The Venerable Bede (c. 672–735) spent all his life from the age of seven at the monastery of Jarrow, part of the twinned institution of Wearmouth-Jarrow in Northumbria. This was at the time the most powerful of the independent Anglo- Saxon kingdoms, with kings willing and able to endow great centres of faith and learning. Wearmouth-Jarrow became one of the most important in the Christian West, largely owing to Bede. Ælfric of Eynsham, whose own works dominated a later period of Anglo-Saxon England (see p. 40), was to call Bede ‘the wise teacher of the English people’. The range of his writings was immense: biblical exegesis, history, hagiography (writings about saints), grammar, poetry, natural science and computus (astronomical and chronological calculation). His works, which define for us the first great period of cultural development in Anglo-Saxon England, were in demand on the Continent also, both in Bede's own lifetime and throughout the Middle Ages. The thirteenth-century Italian poet Dante afforded him the rare privilege of a place among the blessed souls inhabiting ‘the heaven of the sun’ in his Paradiso (part III of the Divina Commedia).

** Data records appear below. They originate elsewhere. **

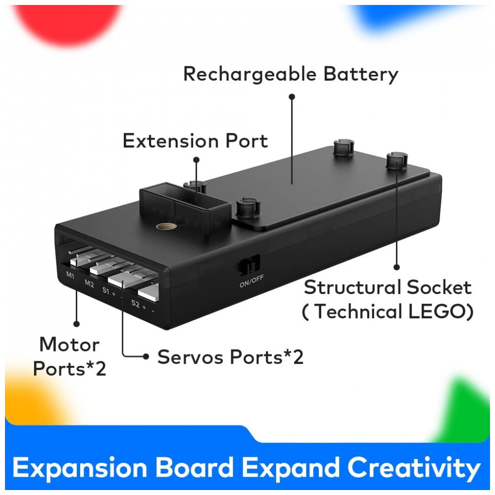 O Pocket Shield adiciona bateria recarregável de 3,7 V e 800 mAh, duas portas para motores DC e duas portas 3 pinos para servos ou fitas de LED e sensores compatíveis com Arduino, dando autonomia ao CyberPi sem cabo. O kit acompanha material didático com até 37 lições e projetos práticos (como lixeira inteligente, carro autônomo, ventilador oscilante), além de cursos básicos gratuitos no site da Makeblock.
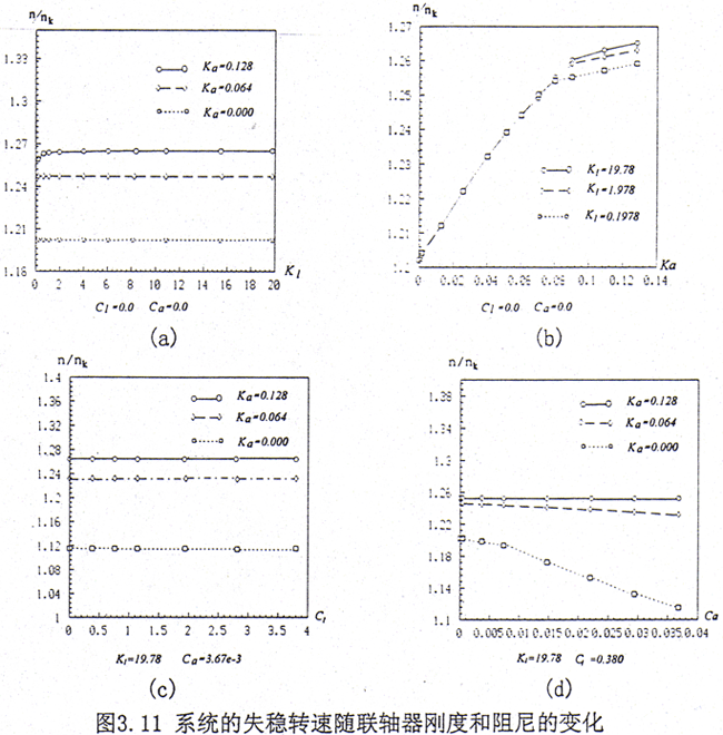 從圖3.11a可見隨橫向剛度的增大系統(tǒng)的失穩(wěn)轉(zhuǎn)速幾乎沒有變化,只有在轉(zhuǎn)角剛度較大而且橫向剛度較小時(shí),系統(tǒng)的失穩(wěn)轉(zhuǎn)速才有所變化。圖3.11b表示系統(tǒng)失穩(wěn)轉(zhuǎn)速隨轉(zhuǎn)角剛度的變化,系統(tǒng)的失穩(wěn)轉(zhuǎn)速隨轉(zhuǎn)角剛度變化顯著。在轉(zhuǎn)角剛度較小時(shí),幾乎是線性增加。當(dāng)轉(zhuǎn)角剛度達(dá)到某一值時(shí),失穩(wěn)轉(zhuǎn)速變化趨緩。進(jìn)一步的計(jì)算表明,當(dāng)繼續(xù)增大轉(zhuǎn)角剛度,系統(tǒng)的失穩(wěn)轉(zhuǎn)速趨于一定值。原因是當(dāng)轉(zhuǎn)角剛度增大到某值時(shí),在齒輪嚙合處已接近于一剛性連接的結(jié)構(gòu),如果繼續(xù)增大轉(zhuǎn)角剛度則對(duì)整體系統(tǒng)的剛度影響不大,因此系統(tǒng)的失穩(wěn)轉(zhuǎn)速變化不大。對(duì)齒輪聯(lián)軸器而言,一般橫向剛度是比較大的,因此對(duì)系統(tǒng)的失穩(wěn)轉(zhuǎn)速的影響可不予考慮。在轉(zhuǎn)角剛度較小時(shí),系統(tǒng)的失穩(wěn)轉(zhuǎn)速隨轉(zhuǎn)角剛度的增加而增加,所以轉(zhuǎn)角剛度對(duì)系統(tǒng)的失穩(wěn)轉(zhuǎn)速影響必須予以考慮。轉(zhuǎn)角剛度與輪齒有效接觸齒寬b的平方成正比,而有效接觸齒寬b主要與聯(lián)軸器的齒形和內(nèi)外齒間的接觸情況有關(guān),一般而言b值較少,對(duì)于修形齒和鼓形齒則更小。關(guān)于輪齒的接觸情況則比較復(fù)雜,當(dāng)不考慮輪齒的誤差時(shí),則主要受工況的影響,不同的工況接觸情況不同,即使在同一工況下也會(huì)有所變化,因此對(duì)于具有情況應(yīng)區(qū)別對(duì)待。
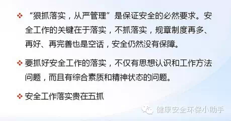 安全工作的落实贵在“五抓”                      2015-05-06                                                 [url=]健康安全环保小助手[/url]
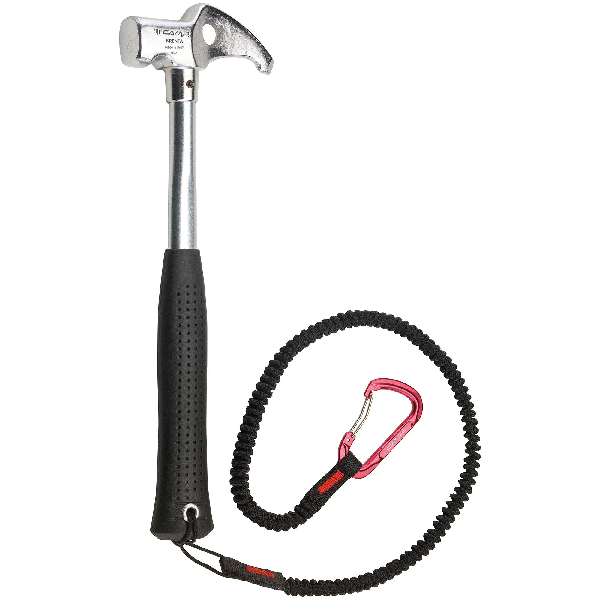 The Brenta is a compact hammer with a large face and good heft in the head for quickly driving home pitons. The pick is designed for cleaning cracks, pasting heads, and levering out pitons. The chromoly steel shaft is indestructible and the thick rubber grip dampens vibrations.

The Historia ecclesiastica gentis Anglorum (‘Ecclesiastical History of the English People’) was Bede's greatest achievement. In five books, it tells the story of his country from Julius Caesar's attempted invasion of Britain in 55 BC to the year in which Bede finished writing, AD 731. His aim was a fundamental Christian one: to record the growth of the English church and to reveal it, and England, as part of the divine scheme of history. To that end, the main narrative is filled out with letters, accounts of holy men and of miracles, and many anecdotes which became part of the literary heritage of England. Bede wrote in Latin, but when, at the end of the ninth century, King Alfred came to launch a revival of learning in Wessex (see p. 38), the Historia ecclesiastica was a natural choice for putting into OE, even though Alfred's direct involvement has not yet been proved.
Like much early translation into OE, this one tends to stick close to the original Latin, sometimes at the expense of natural idiom, with awkward results; and in a few instances the translator's misunderstanding of the Latin has caused problems (as indicated in the notes below).